Pages

Codility GenomicRangeQuery

Given a string representing a DNA sequence as a collection of 'A', 'C', 'G', 'T' letters, and number of subsequences in it, we should tell which is the minimal impact factor for each subsequence, where nucleotides A, C, G and T have impact factors of 1, 2, 3 and 4, respectively.

You could solve this problem on your own in the Codility Prefix Sum section. I have already given a couple of C++ solutions on a previous post, here I would just refactor the linear one to C++11.

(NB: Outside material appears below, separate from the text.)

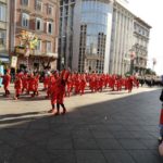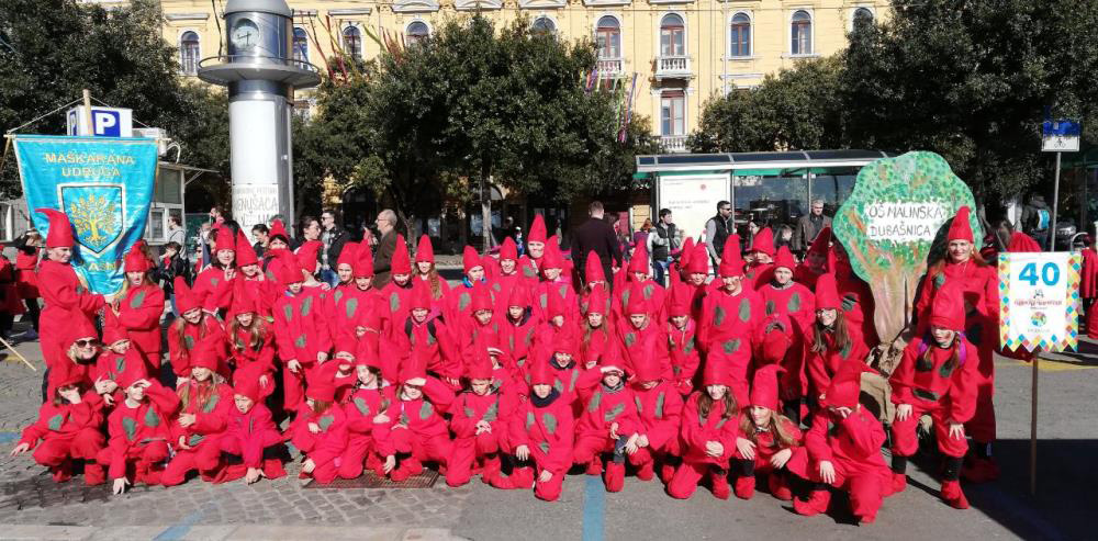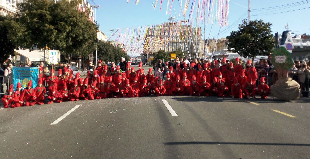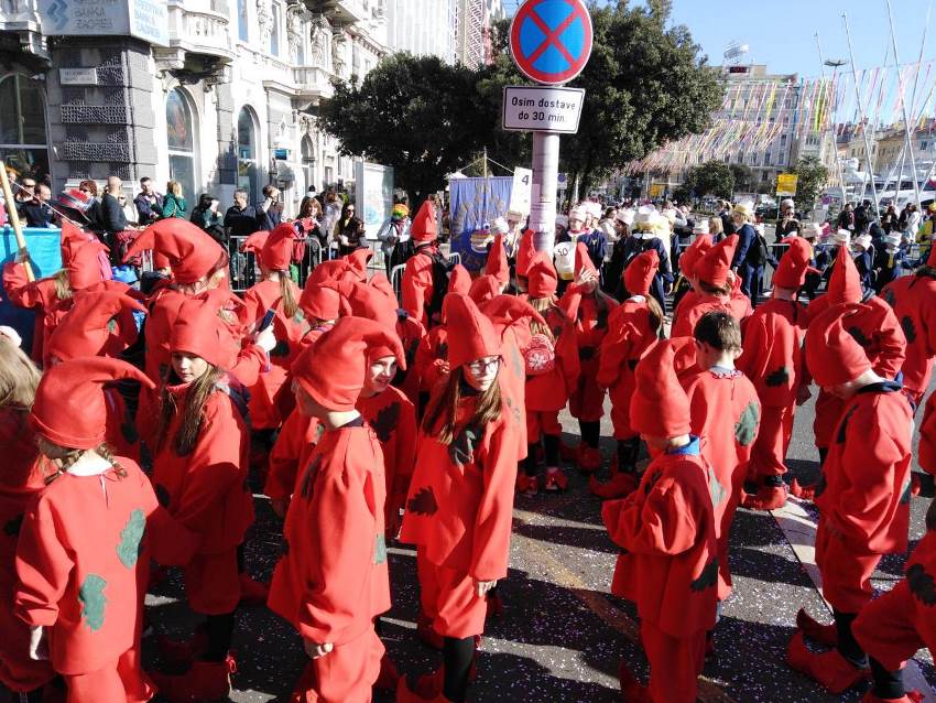 Oko 11 sati naši malići počeli su se skupljati na autobusnoj stanici u Malinskoj gdje smo okupljenim roditeljima i svima koji su nas došli ispratiti otplesali koreografiju koju smo spremili za nastup. Nakon tradicionalnog fotografiranja ispred autobusa krenuli smo prema Rijeci koja nas je dočekala u svom šarenom karnevalskom odijelu. Izgleda da se toga dana i zima odlučila maskirati u proljeće jer je vrijeme bilo predivno, pravo proljetno. Pridružili smo se mnoštvu malih maškarica koje su na rivi strpljivo čekale svoj red za povorku. Bilo je tamo svakakvih maski i sa zanimanjem smo upijali svo to šarenilo i skupljali ideje za neke buduće karnevale. Mnogi su i nas promatrali sa zanimanjem i raspitivali se što naša maska predstavlja. Ubrzo su nas pozvali naprijed i krenuli smo i mi u povorku, praćeni mamama, tatama i ostalima koji su nas došli podržati iz publike. Neumorno smo plesali i skakali te tako došli do kraja karnevalske rute gdje smo se okrijepili krafnama i sokom.
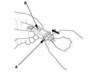 To reconnect, hold the pawl-side connector, and press on the back of the sleeve-side connector in the direction shown. As the two connector halves are pressed together, the sleeve (A) is pushed back by the pawl (B). Do not touch the sleeve.

Here is the Codility given test case, ported to GTest:
TEST(GenomicRangeQuery, Given)
{
    std::string dna { "CAGCCTA" };
    std::vector<int> first { 2, 5, 0 };
    std::vector<int> last { 4, 5, 6 };
    ASSERT_EQ(first.size(), last.size());

    std::vector<int> result = solution(dna, first, last);

    ASSERT_EQ(first.size(), result.size());
    EXPECT_EQ(2, result[0]); // 1
    EXPECT_EQ(4, result[1]);
    EXPECT_EQ(1, result[2]);
}
1. Subsequence 2, 4 is "GC", C has a lower impact factor, the result should be 2.
2. "T" leads to 4.
3. The full sequence has A's in it, so 1 is its minimal impact factor.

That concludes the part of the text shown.